CICERO: A Dataset for Contextualized Commonsense Inference in Dialogues
CIDER: Commonsense Inference for Dialogue Explanation and Reasoning
Commonsense inference to understand and explain human language is a fundamental research problem in natural language processing. Explaining human conversations poses a great challenge as it requires contextual understanding, planning, inference, and several aspects of reasoning including causal, temporal, and commonsense reasoning. In this work, we introduce CIDER – a manually curated dataset that contains dyadic dialogue explanations in the form of implicit and explicit knowledge triplets inferred using contextual commonsense inference. Extracting such rich explanations from conversations can be conducive to improving several downstream applications. The annotated triplets are categorized by the type of commonsense knowledge present (e.g., causal, conditional, temporal). We set up three different tasks conditioned on the annotated dataset: Dialogue-level Natural Language Inference, Span Extraction, and Multi-choice Span Selection. Baseline results obtained with transformer-based models reveal that the tasks are difficult, paving the way for promising future research.
RECCON: Recognizing Emotion Cause in Conversations
Recognizing the cause behind emotions in text is a fundamental yet under-explored area of research in NLP. Advances in this area hold the potential to improve interpretability and performance in affect-based models. Identifying emotion causes at the utterance level in conversations is particularly challenging due to the intermingling dynamic among the interlocutors. To this end, we introduce the task of recognizing emotion cause in conversations with an accompanying dataset named RECCON. Furthermore, we define different cause types based on the source of the causes and establish strong transformer-based baselines to address two different sub-tasks of RECCON: 1) Causal Span Extraction and 2) Causal Emotion Entailment.

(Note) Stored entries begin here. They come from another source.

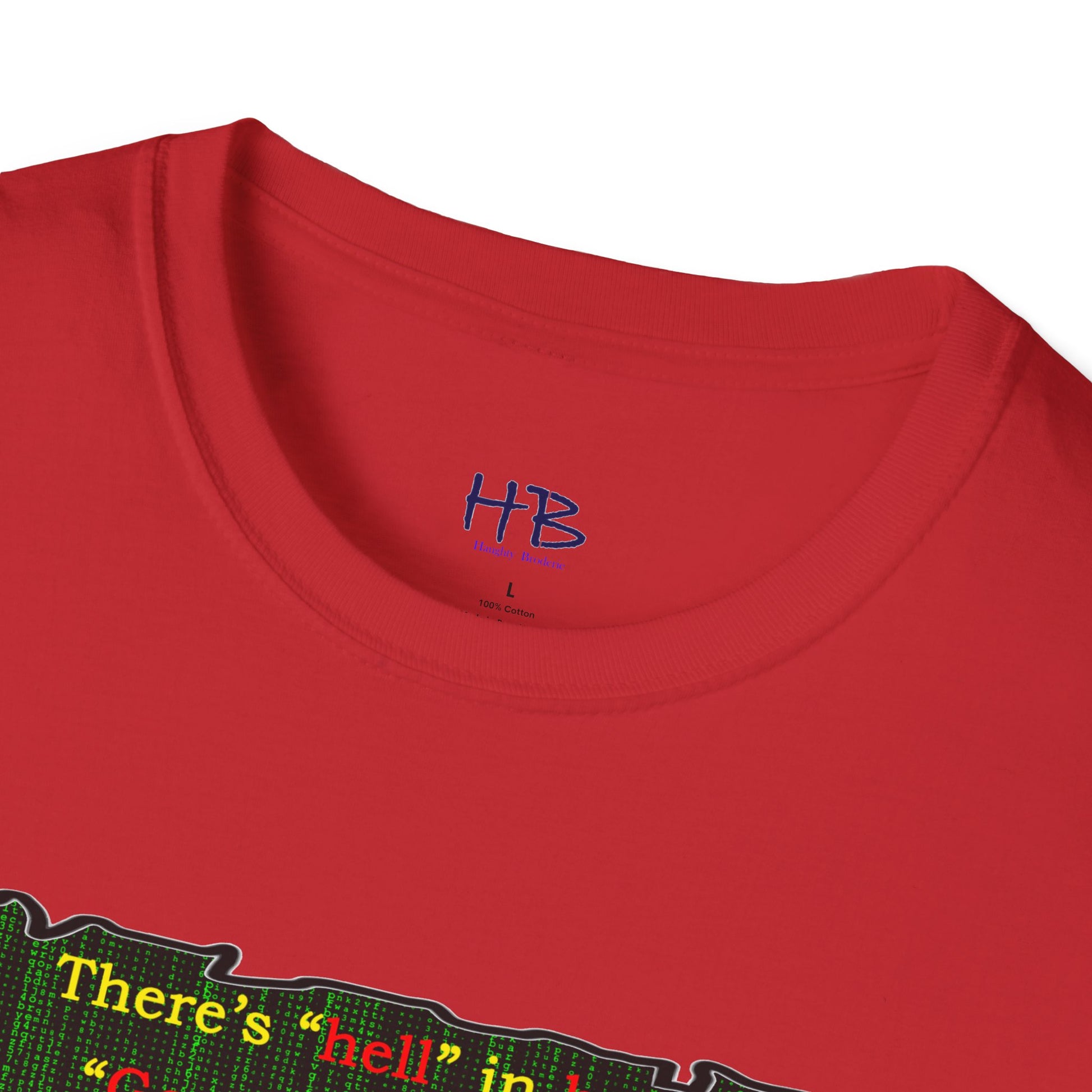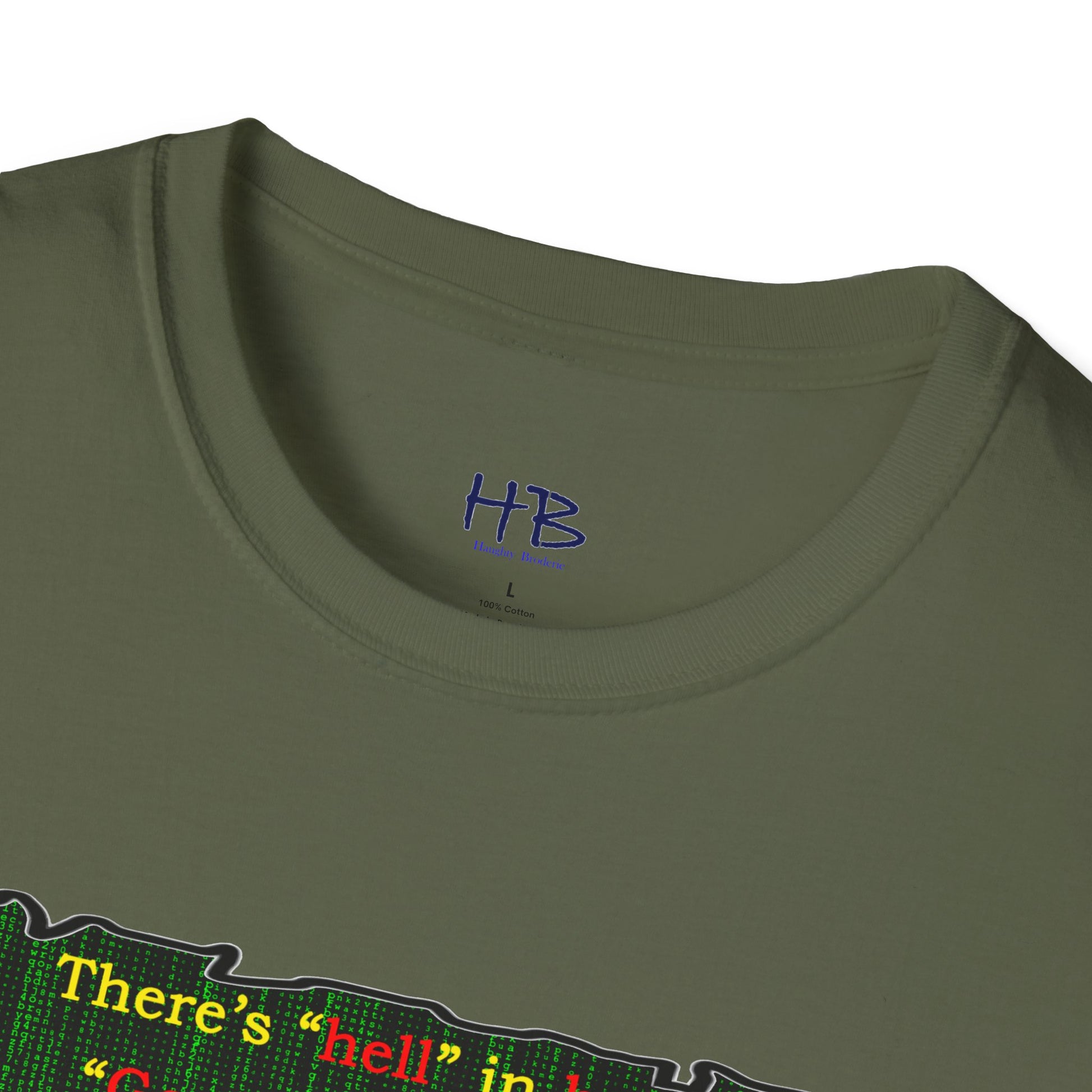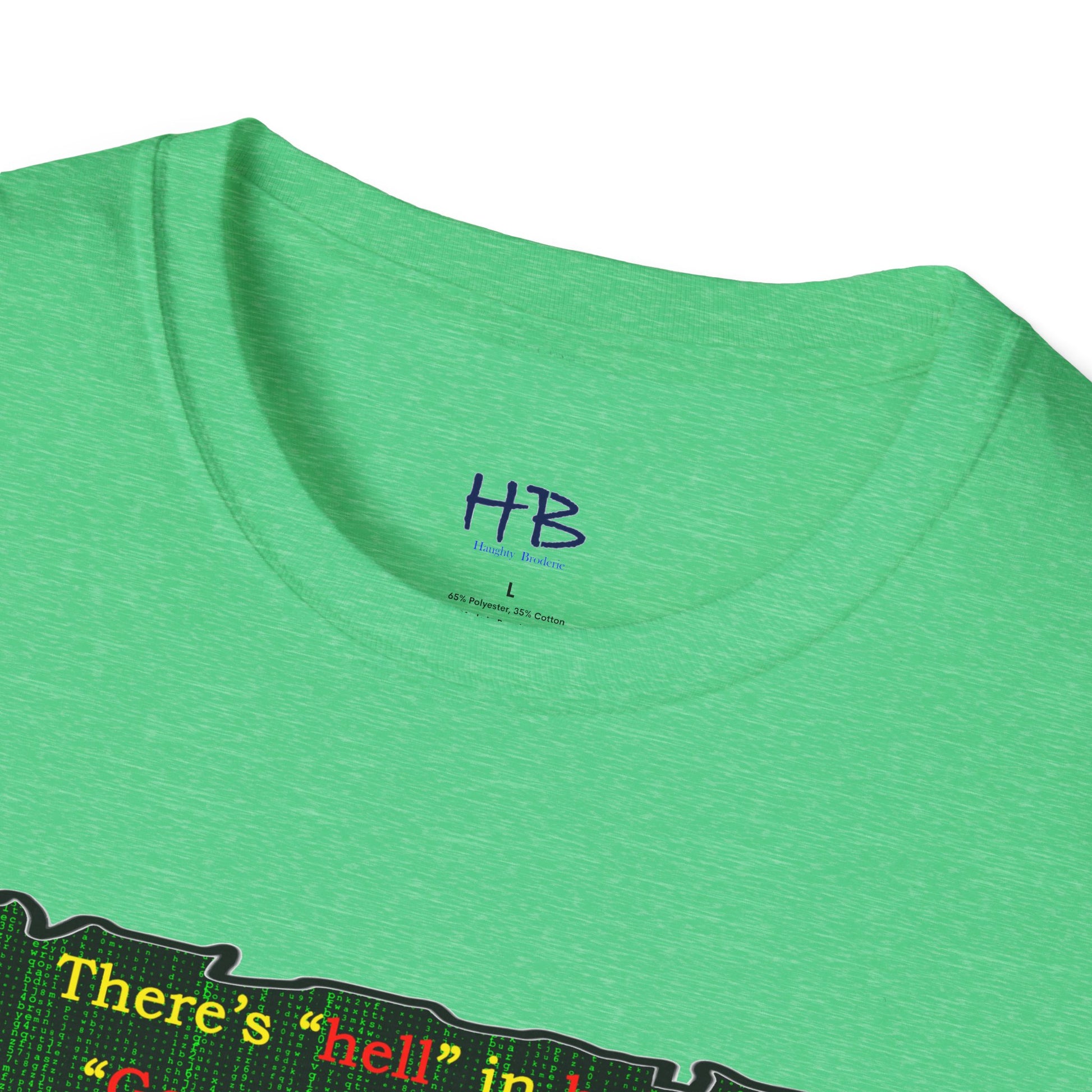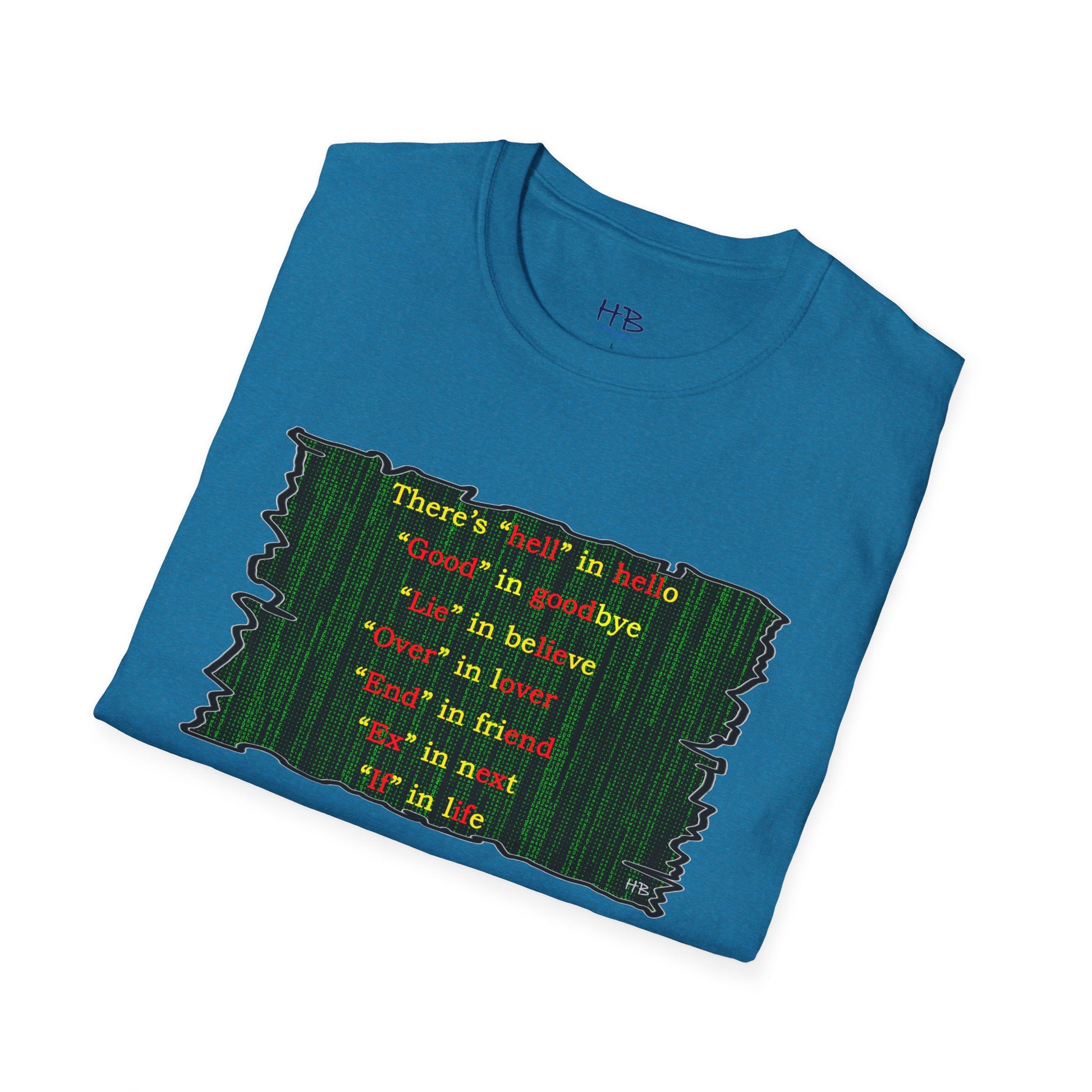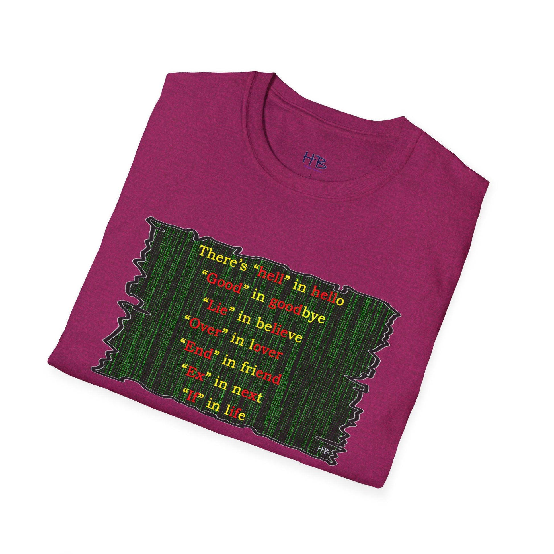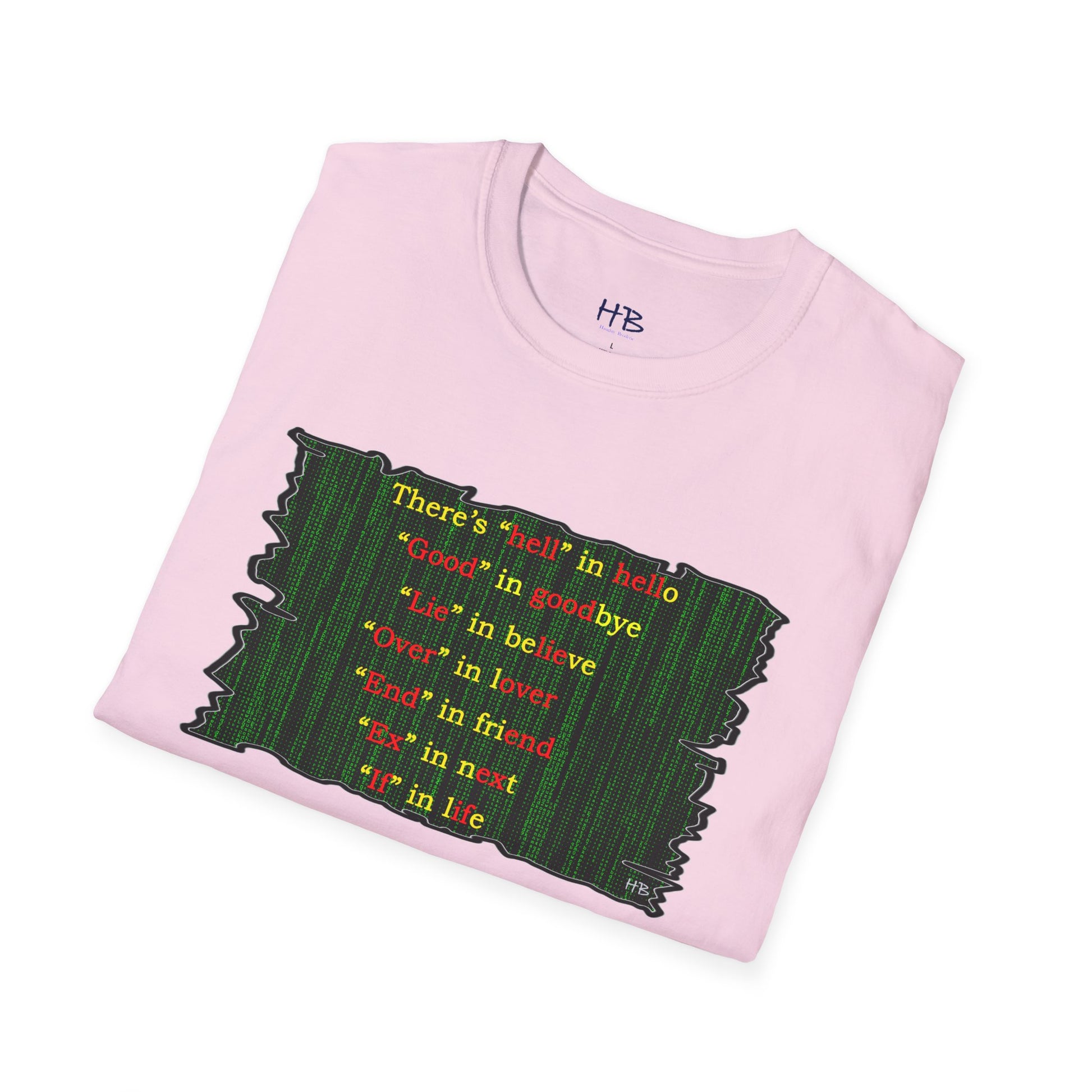 Introducing a tee shirt that will pique your interest with its witty play on words. The design on this shirt showcases a vibrant green matrix background with a thought-provoking message. The text boldly proclaims the hidden words in everyday words such as "hell" in hello, "good" in goodbye, "lie" in believe, "over" in lover, "end" in friend, "ex" in next, and "if" in life.
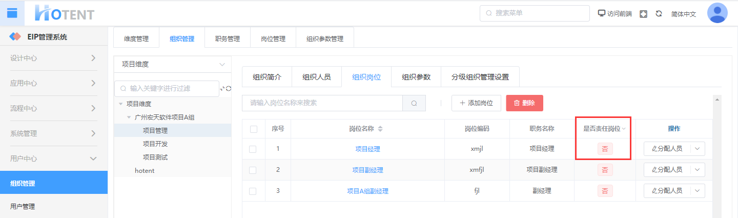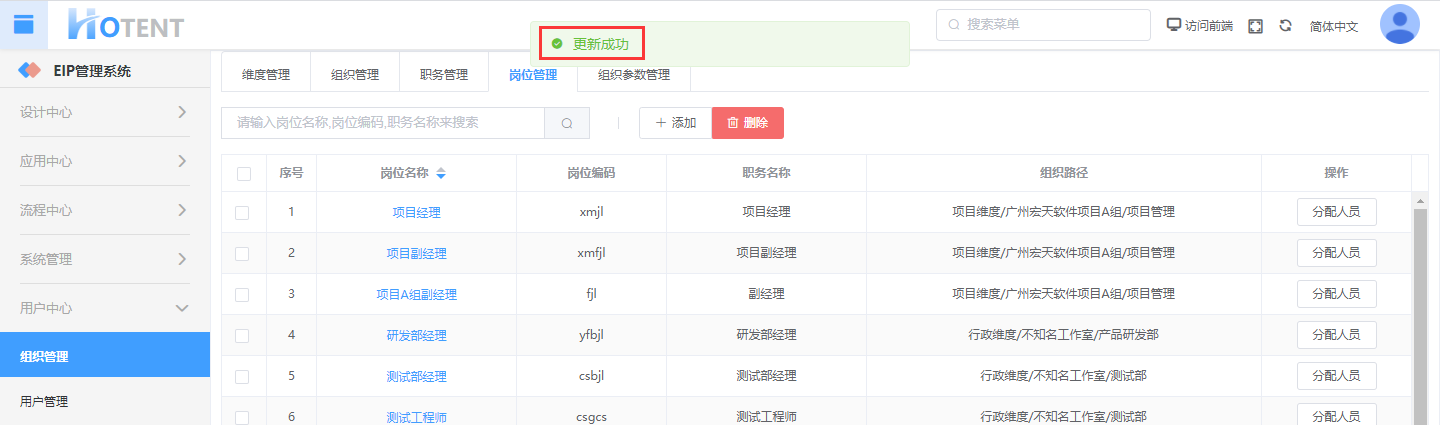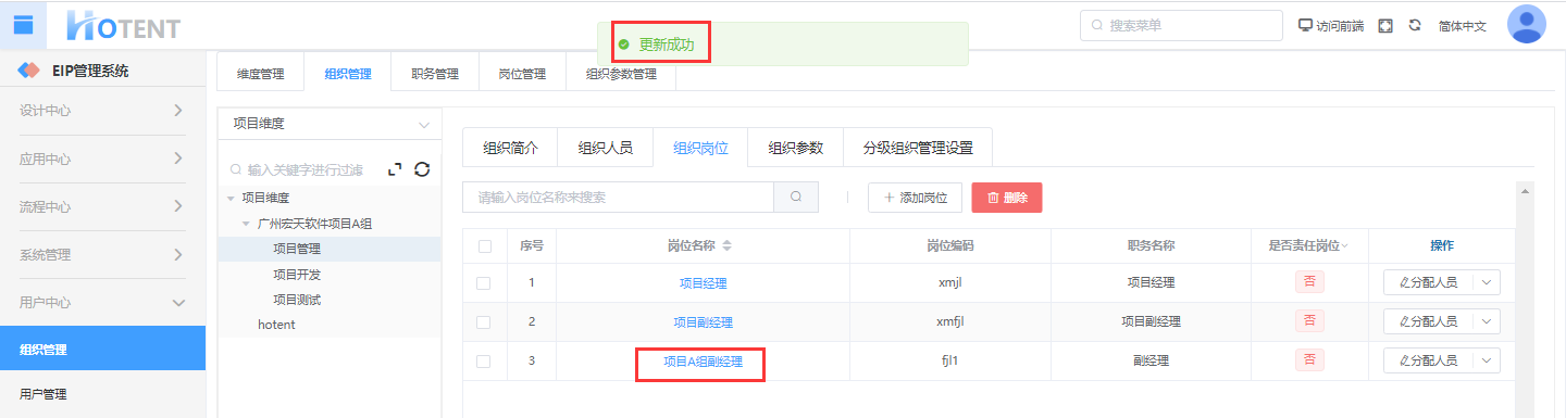设置组织下岗位,也可给组织岗位分配人员,组织岗位中分配的人员也为该组织下人员。一个组织岗位下可分配多个用户,一个用户也可作为多个组织岗位人员。
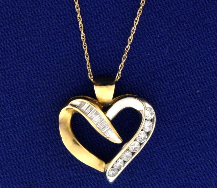 In 10k white and yellow gold. Contains 7 high quality brilliant cut round diamonds, H color, I clarity. Also contains 10 high quality baguette diamonds, H color, I clarity. Pendant is 7/8 inches long and yellow gold chain is 18 inches long. 2.9g
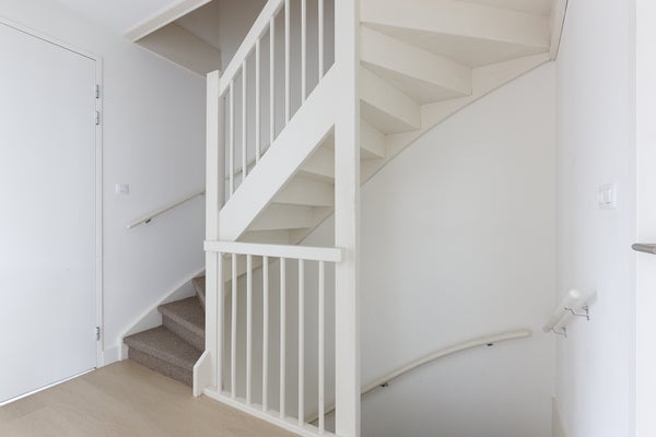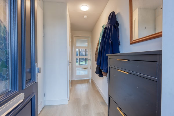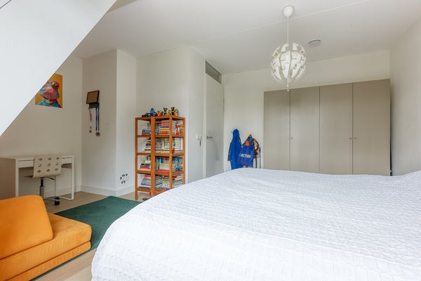 De royale woonkamer is ontzettend licht en beschikt over een fijne ingebouwde bergkast. De kamer kijkt uit over de riante achtertuin van ca. 60 m2. De achtertuin ligt op het noordwesten en beschikt over een schuur en een achterom. De achterom leidt naar het achtergelegen parkeerterrein waar de vaste parkeerplaats zich bevindt.
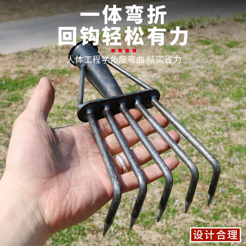 加粗钢筋钉耙农用五齿铁耙多功能圆钢翻地耙子搂草耙松土捡花生耙
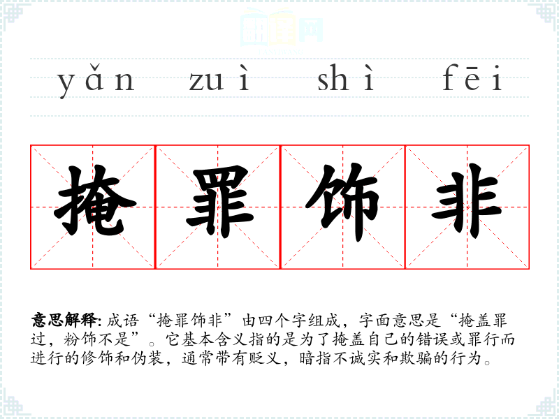 成语“掩罪饰非”由四个字组成,字面意思是“掩盖罪过,粉饰不是”。它基本含义指的是为了掩盖自己的错误或罪行而进行的修饰和伪装,通常带有贬义,暗指不诚实和欺骗的行为。
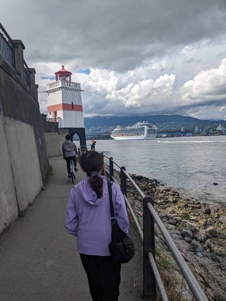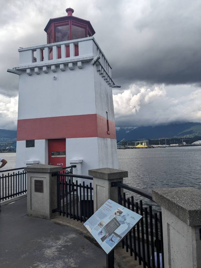 走到「布洛克頓角燈塔」(Brockton Point Lighthouse),位於「史丹利公園」北海岸,她面向「溫哥華港」,是一座白色和紅色油漆的古老燈塔,旨在紀念所有水手及創建溫哥華港口的人;若冬天下雪時,可看到北邊雪山如畫的背景。
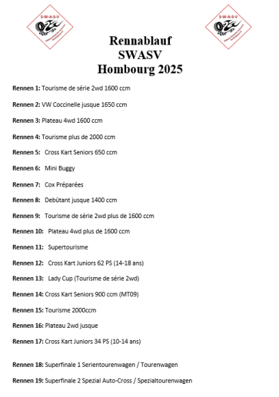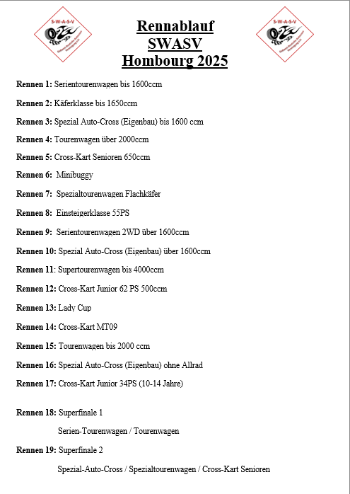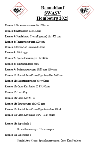 der Rennablauf und der Zeitplan für Hombourg ist online

MUStARD: Multimodal Sarcasm Detection Dataset
We release the MUStARD dataset which is a multimodal video corpus for research in automated sarcasm discovery. The dataset is compiled from popular TV shows including Friends, The Golden Girls, The Big Bang Theory, and Sarcasmaholics Anonymous. MUStARD consists of audiovisual utterances annotated with sarcasm labels. Each utterance is accompanied by its context, which provides additional information on the scenario where the utterance occurs.
MELD: A Multimodal Multi-Party Dataset for Emotion Recognition in Conversations
Multimodal EmotionLines Dataset (MELD) has been created by enhancing and extending the EmotionLines dataset. MELD contains the same dialogue instances available in EmotionLines, but it also encompasses audio and visual modality along with text. MELD has more than 1400 dialogues and 13000 utterances from Friends TV series. Multiple speakers participated in the dialogues. Each utterance in a dialogue has been labeled by any of these seven emotions – Anger, Disgust, Sadness, Joy, Neutral, Surprise and Fear. MELD also has sentiment (positive, negative and neutral) annotation for each utterance.